* [MATERIAL FOR THIS TASK]
•••••
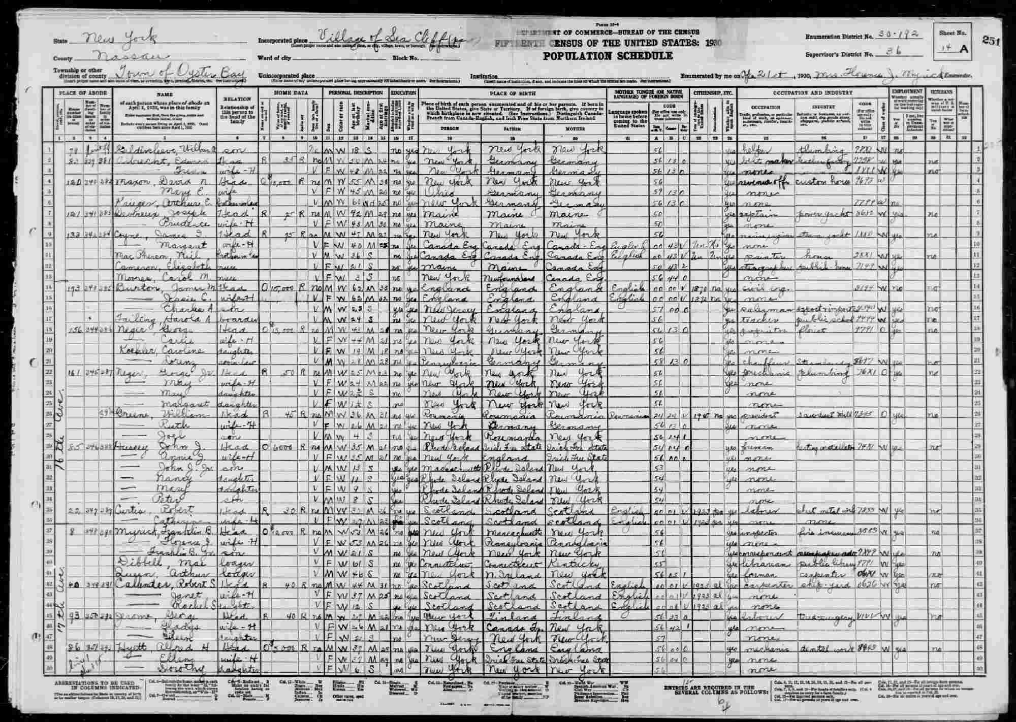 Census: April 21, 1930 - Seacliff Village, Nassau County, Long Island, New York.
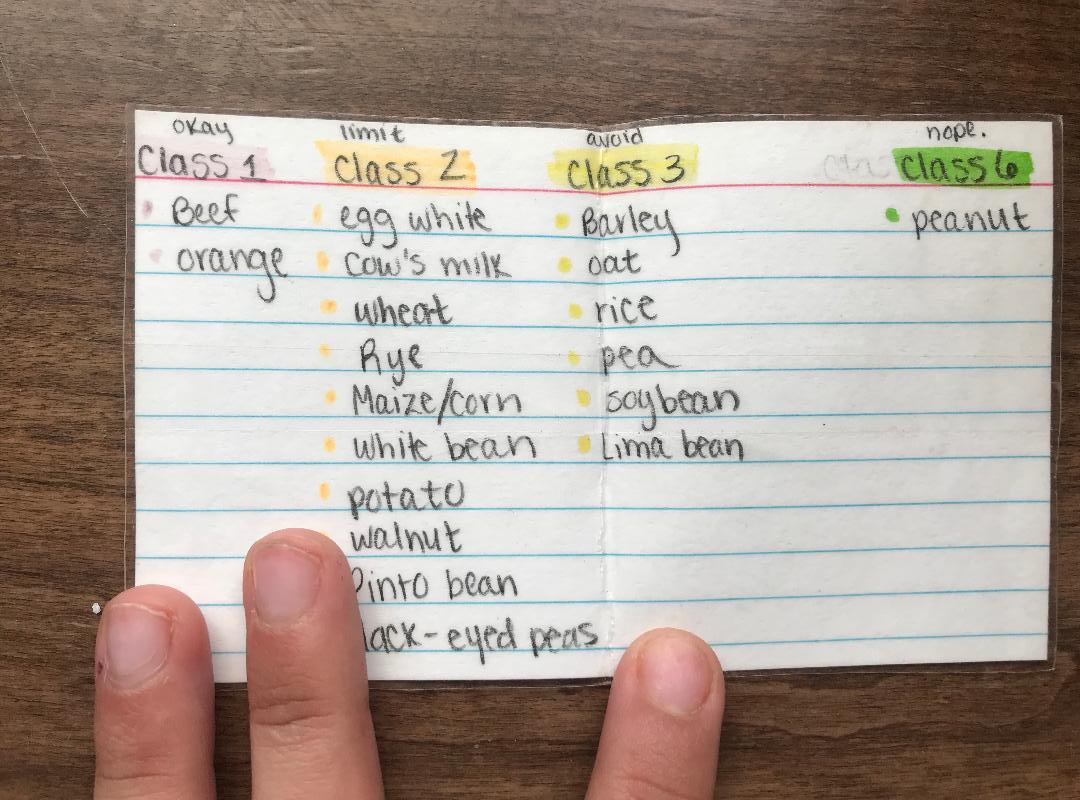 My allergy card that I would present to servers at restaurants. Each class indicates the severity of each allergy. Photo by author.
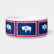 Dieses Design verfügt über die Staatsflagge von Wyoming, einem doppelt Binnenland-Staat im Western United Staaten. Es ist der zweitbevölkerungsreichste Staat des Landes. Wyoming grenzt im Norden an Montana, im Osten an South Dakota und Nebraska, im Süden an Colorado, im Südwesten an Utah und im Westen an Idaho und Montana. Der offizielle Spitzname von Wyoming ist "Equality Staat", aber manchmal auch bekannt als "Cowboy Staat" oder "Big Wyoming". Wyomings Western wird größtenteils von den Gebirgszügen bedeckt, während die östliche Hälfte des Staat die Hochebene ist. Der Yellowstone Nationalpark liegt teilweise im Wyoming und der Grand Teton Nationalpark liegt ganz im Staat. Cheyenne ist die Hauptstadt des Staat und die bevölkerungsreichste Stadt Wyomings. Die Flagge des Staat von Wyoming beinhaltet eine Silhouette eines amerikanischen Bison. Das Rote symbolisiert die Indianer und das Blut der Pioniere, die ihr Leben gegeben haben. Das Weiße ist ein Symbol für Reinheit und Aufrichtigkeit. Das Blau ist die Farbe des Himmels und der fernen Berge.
•••••
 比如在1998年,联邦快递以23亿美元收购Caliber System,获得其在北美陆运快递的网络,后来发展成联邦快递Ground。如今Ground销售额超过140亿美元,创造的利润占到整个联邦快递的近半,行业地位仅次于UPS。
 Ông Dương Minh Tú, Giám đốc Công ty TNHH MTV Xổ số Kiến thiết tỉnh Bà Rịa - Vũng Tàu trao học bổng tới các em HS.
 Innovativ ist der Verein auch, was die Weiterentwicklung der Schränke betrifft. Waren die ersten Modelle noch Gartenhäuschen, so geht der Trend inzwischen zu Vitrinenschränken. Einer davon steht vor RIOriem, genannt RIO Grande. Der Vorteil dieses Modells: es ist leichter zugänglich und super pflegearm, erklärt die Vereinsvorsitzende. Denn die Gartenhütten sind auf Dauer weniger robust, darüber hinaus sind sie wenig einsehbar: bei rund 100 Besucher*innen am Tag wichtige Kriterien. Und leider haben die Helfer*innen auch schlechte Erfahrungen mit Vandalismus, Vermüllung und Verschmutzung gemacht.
•••••
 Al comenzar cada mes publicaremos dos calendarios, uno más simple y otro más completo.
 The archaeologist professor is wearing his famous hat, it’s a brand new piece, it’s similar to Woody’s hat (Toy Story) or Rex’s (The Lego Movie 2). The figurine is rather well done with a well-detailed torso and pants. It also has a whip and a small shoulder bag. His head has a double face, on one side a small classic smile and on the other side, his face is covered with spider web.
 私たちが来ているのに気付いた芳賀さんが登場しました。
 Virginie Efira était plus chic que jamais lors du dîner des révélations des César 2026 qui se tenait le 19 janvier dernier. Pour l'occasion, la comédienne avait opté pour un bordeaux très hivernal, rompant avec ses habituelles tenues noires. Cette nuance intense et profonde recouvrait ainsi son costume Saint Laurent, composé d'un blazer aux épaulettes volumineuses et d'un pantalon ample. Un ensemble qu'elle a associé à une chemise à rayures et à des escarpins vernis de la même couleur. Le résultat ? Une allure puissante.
•••••
* [PROBLEM DESCRIPTION] Restate word for word the lines of the data above, starting at the line containing "比如在1998年,联邦快递以" and ending at the line containing "Innovativ ist der", both included, and nothing more.

* [RESPONSE]
 比如在1998年,联邦快递以23亿美元收购Caliber System,获得其在北美陆运快递的网络,后来发展成联邦快递Ground。如今Ground销售额超过140亿美元,创造的利润占到整个联邦快递的近半,行业地位仅次于UPS。
 Ông Dương Minh Tú, Giám đốc Công ty TNHH MTV Xổ số Kiến thiết tỉnh Bà Rịa - Vũng Tàu trao học bổng tới các em HS.
 Innovativ ist der Verein auch, was die Weiterentwicklung der Schränke betrifft. Waren die ersten Modelle noch Gartenhäuschen, so geht der Trend inzwischen zu Vitrinenschränken. Einer davon steht vor RIOriem, genannt RIO Grande. Der Vorteil dieses Modells: es ist leichter zugänglich und super pflegearm, erklärt die Vereinsvorsitzende. Denn die Gartenhütten sind auf Dauer weniger robust, darüber hinaus sind sie wenig einsehbar: bei rund 100 Besucher*innen am Tag wichtige Kriterien. Und leider haben die Helfer*innen auch schlechte Erfahrungen mit Vandalismus, Vermüllung und Verschmutzung gemacht.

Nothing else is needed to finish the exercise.